There are NO new holes in the wall for Army Guy to fix! Just the original ones from last week. Shocking... I KNOW! And those holes are pretty much hidden by the curtains... so I'm think'n they will get patched when we sell the house in 3 years... or not! I'm still going to wait for Army Guy to paint because, though I am an excellent painter, I can just imagine how that might go with Huey, Dewey, and Louie running around. "Nightmare" is the word that comes to mind (just off the top of my head.)

Lessons Learned
* If you are drilling and you hit a stud... stop drilling, ditch the anchor and get a 1 1/2 inch screw. (props to Army Guy for having those on hand) (and to Contractor Dad for that handy tip.)
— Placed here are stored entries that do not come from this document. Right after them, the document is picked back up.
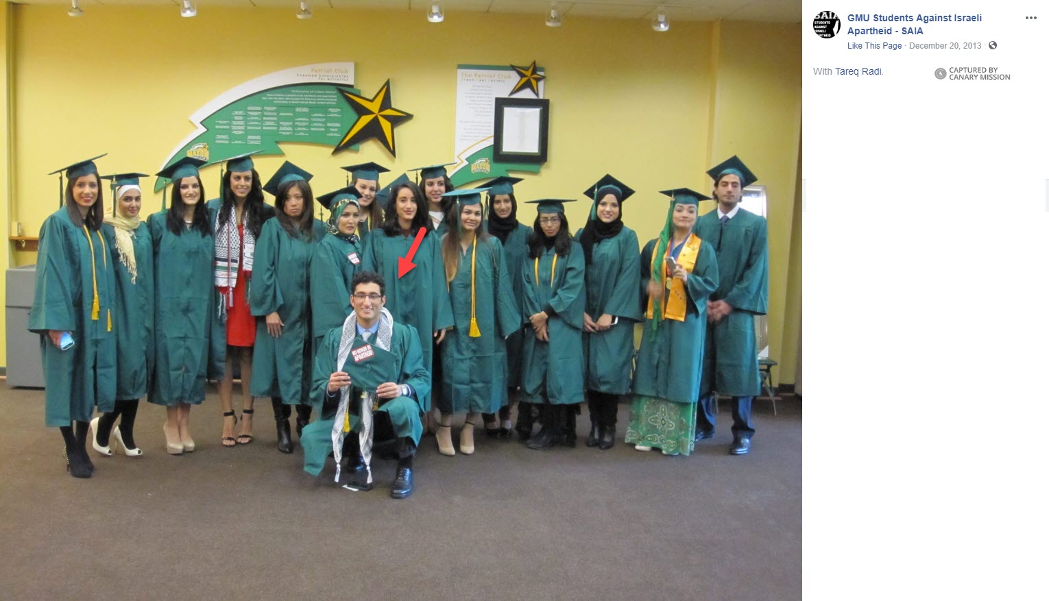 On December 19, 2013, Radi participated [00:05:17] in an SAIA walkout of GMU’s Winter Commencement ceremony, during a speech given by American-Israeli businesswoman and philanthropist, Shari Aronson.During the walk-out, several graduates reportedly wore “no honor in apartheid” stickers on the tops of their graduate caps while their guests waved [00:02:04]keffiyehs.
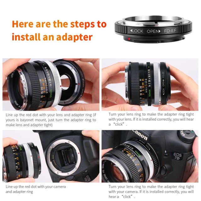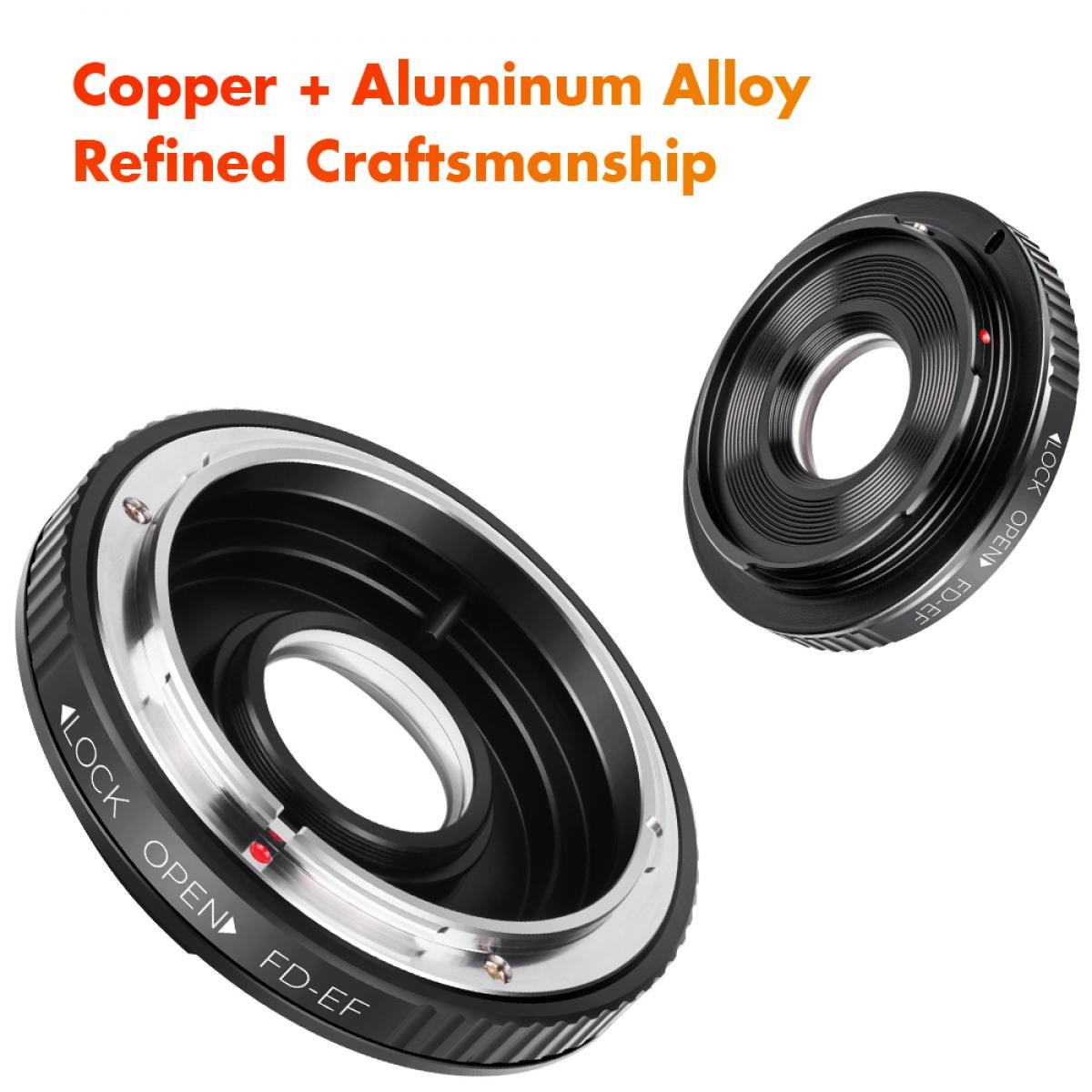 Adaptér K&F Concept Canon FD Lenses to Canon EOS Mount Camera Adapter with Optic Glass je určen pro fotografy, kteří chtějí přenést vintage objektivy Canon FD/FL do moderní digitální éry. Tento precizně vyrobený adaptér umožňuje plně manuální ovládání – včetně manuálního zaostřování, manuální expozice a zaostřování na nekonečno – díky zabudovanému optickému sklu. Je vyroben z vysoce kvalitního tvrzeného eloxovaného hliníku a nabízí vynikající odolnost a bezpečné uchycení mezi objektivem a tělem fotoaparátu. Je kompatibilní s širokou škálou digitálních zrcadlovek Canon EOS EF a EF-S, jako jsou řady 1D/1Ds, 5D, 7D a oblíbené modely Rebel, a otevírá kreativní možnosti spojením starších objektivů s moderní zobrazovací technologií. Kompatibilitu ověřte v uživatelské příručce nebo na webových stránkách výrobce.
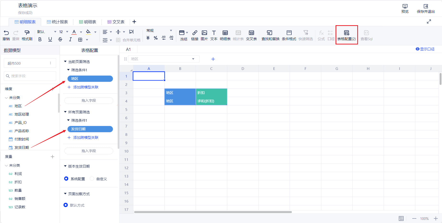 1. 概述2. 快速入门1. 概述在当前页面或所有页面范围内进行筛选。 2. 快速入门(1) 产品入口 顶部工具栏 --> 表格配置 --> “当前页面筛选”/“所有页面筛选”。 (2) 筛选配置 将需要筛选的维度或度量拖入“当前页面筛选”或“所有页面筛选”位置,在弹出窗口完成筛选配置,具体筛选方式见数据筛选。 (3) 跨模型关联 支持将当前筛选字段关联到其他模型的相应字段
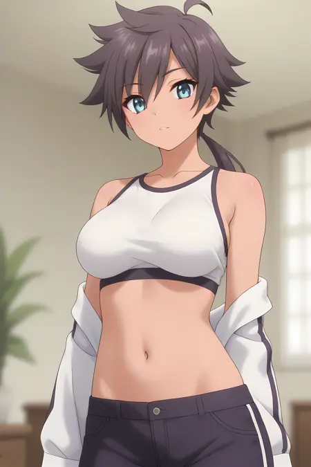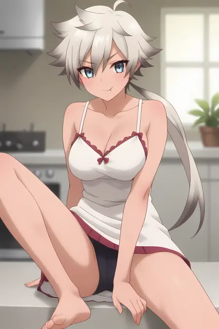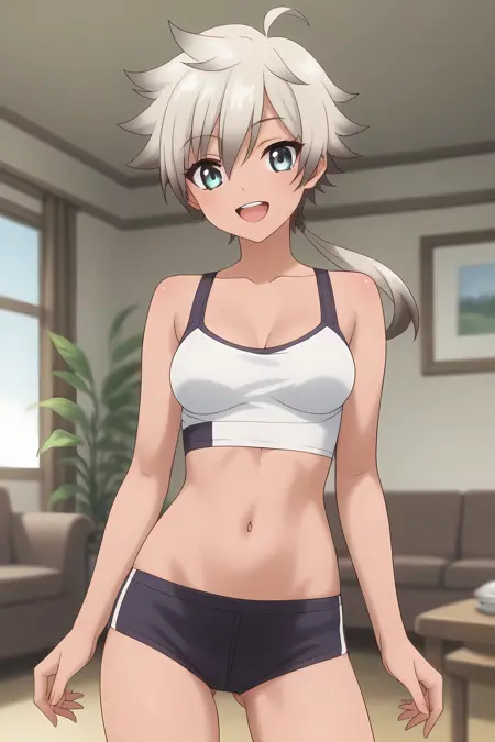 スパイクヘア、カラータイプ、ショートヘア、ロー ポニーテール、グレーの瞳、タン

* When you measure and mark the wall, be sure the "marks" are lined up exactly and then drill EXACTLY on your marks. If you don't, the result is this.....



... Ya, that's a bracket leaning left. But it's OK because the one next to it leans right. So it all balances out in the end. (that's kinda "Zen" isn't it?) Whatever... I was not shooting for a general contractor's license. So in spite of the "do-it-yourselfer" flaws... I'm calling this a job well done. (or at least, "pretty ok-ish done", anyway).

A round of margaritas for everyone! I have faced the EVIL anchor and have conquered it's wickedness. I have prevailed! Hurrah!

You may now leave the congratulatory comments that I SO DESERVE! (Except for my brother... I deserve payback for the "crown moulding" zinger! Fire away bro!)